Record your answers by making a single horizontal mark through the number of the answer you think is correct on
your Record Form. Then review the explanations to the answers.
If you make a mistake or want to change your answer, put a cross, or X, through your incorrect answer, and then
put a single line through the correct answer. Do not try to erase the incorrect answer.
Now complete Practice Items 2-4 by yourselves. You will have up to 3 minutes for this. When you have finished do
not turn the page until you are instructed to do so.

DO

Allow 3 minutes unless it is clear that test takers have all finished before this.
Tester and assistants check that everyone is putting their answers in the correct column.

SAY

Please stop now. Shortly we will start the real test. The items in it are similar to those you have just completed
except that there are more of them, and they get progressively more difficult.
As a general guideline, the correct response will always fit across each row and down each column. You can look
along each row and down each column to help you determine the missing piece. The correct option will match the
pattern going across the row and down the column.
As you did when completing the Practice Items, record your answers to the test by making a single horizontal mark
through the number of the answer you think is correct on your Record Form under Test Items.

DO

Hold up a Record Form and show where the Test Items begin.

SAY

Please do not mark the Test Booklet.
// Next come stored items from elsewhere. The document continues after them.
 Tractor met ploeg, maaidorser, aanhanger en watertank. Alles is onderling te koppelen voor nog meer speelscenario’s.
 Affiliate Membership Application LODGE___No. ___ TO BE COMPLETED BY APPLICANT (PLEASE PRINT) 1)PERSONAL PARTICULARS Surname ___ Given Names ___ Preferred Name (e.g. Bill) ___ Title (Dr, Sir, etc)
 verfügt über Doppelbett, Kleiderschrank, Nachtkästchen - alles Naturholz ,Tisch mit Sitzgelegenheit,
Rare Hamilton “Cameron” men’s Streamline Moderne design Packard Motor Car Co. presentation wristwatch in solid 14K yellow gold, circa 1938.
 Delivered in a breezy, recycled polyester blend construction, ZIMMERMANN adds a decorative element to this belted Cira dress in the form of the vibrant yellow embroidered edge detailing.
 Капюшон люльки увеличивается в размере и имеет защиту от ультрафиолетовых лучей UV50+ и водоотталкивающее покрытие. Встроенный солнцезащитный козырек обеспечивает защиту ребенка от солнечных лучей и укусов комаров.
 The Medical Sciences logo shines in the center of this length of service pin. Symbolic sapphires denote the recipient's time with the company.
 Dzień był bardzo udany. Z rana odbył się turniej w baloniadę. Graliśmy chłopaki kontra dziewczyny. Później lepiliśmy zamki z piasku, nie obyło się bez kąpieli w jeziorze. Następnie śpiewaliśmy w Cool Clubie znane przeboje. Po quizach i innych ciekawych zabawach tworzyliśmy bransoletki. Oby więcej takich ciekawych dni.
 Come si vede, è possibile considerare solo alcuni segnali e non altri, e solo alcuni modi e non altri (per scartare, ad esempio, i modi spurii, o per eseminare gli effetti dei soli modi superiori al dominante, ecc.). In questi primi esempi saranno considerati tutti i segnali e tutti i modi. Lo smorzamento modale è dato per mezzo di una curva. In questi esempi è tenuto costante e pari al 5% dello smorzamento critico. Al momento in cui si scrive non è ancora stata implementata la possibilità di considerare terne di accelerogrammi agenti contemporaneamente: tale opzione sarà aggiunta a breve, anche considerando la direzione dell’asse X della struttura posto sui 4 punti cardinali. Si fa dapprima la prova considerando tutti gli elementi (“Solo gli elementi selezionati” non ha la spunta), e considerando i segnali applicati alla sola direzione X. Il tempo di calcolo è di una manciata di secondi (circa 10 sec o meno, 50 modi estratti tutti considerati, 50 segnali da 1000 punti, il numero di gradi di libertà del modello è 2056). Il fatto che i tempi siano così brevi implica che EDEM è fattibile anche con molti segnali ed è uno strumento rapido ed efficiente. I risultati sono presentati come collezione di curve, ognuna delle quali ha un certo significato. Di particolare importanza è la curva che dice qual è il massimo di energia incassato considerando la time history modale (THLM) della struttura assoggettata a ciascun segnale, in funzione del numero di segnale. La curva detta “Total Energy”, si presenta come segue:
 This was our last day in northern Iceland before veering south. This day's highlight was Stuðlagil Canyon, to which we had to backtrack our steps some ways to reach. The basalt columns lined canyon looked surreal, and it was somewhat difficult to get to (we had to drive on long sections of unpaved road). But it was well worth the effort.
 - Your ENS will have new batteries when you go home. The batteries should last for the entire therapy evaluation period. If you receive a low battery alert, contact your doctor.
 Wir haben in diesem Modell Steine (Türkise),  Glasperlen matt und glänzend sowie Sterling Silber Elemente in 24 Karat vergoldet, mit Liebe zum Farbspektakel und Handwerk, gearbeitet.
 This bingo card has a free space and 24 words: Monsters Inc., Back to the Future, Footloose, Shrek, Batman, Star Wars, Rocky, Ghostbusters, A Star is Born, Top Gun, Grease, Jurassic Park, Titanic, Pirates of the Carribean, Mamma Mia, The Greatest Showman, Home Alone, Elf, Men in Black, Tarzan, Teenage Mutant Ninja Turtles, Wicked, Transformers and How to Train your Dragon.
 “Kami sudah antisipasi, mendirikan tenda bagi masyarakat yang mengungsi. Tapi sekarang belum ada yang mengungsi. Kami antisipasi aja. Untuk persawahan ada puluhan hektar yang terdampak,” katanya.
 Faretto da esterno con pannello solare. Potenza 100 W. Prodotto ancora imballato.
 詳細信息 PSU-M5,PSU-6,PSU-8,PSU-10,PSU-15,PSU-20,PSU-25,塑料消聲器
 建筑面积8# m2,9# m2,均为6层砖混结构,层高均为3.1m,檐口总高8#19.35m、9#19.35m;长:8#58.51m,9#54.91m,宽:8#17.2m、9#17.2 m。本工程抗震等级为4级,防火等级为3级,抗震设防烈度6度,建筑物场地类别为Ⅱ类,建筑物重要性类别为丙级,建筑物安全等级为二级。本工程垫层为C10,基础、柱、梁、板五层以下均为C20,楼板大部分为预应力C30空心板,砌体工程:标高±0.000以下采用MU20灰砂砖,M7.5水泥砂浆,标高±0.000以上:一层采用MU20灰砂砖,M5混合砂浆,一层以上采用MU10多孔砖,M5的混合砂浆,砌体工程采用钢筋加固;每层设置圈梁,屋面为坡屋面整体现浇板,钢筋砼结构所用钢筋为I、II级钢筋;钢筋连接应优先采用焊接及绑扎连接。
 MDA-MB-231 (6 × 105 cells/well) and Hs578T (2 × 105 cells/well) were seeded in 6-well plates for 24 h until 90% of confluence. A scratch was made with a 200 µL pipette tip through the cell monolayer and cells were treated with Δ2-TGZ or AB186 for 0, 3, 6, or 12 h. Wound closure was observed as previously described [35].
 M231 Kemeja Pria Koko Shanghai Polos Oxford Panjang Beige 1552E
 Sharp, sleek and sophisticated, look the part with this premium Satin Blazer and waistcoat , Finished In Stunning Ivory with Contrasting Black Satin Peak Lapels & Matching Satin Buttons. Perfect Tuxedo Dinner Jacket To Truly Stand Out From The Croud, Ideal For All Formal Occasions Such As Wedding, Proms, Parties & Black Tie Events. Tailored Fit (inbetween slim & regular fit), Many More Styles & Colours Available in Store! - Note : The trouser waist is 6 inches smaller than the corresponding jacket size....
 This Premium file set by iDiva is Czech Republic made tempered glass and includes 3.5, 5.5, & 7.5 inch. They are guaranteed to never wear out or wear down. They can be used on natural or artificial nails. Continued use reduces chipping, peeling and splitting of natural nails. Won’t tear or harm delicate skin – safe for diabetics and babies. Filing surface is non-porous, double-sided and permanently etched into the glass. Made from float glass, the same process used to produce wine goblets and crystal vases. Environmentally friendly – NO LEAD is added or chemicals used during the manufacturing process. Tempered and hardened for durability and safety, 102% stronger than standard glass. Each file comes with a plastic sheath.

You will be allowed 40 minutes to complete the test. Remember it is
accurate work that counts. Attempt each item in turn. Do your best to find the correct option before you go on to
the next item. If you get stuck, move on and come back to the item later. Remember, however, that you may find
the next item harder and it may take you longer to check your answers carefully. Are there any questions?

DO

Pause briefly.

SAY

Now turn the page in your Test Booklet to the first Test item.

DO

Pause briefly. Check that everyone is ready to start.

SAY

Begin now.

DO

Start timing 40 minutes.

At the end of 40 minutes:


SAY

Everyone stop working, please. Close your Test Booklet. Please check that you have put your name, as well as
todays date, on the Record Form.

DO
Check that they have put their names on their Record Forms, and filled in the additional details.
At the end of the session thank everyone for their time and tell them what use will be made of their data. If appropriate,
explain what arrangements will be made for them to find out their results. It would also be constructive to reassure test
takers regarding the confidentiality of test scores.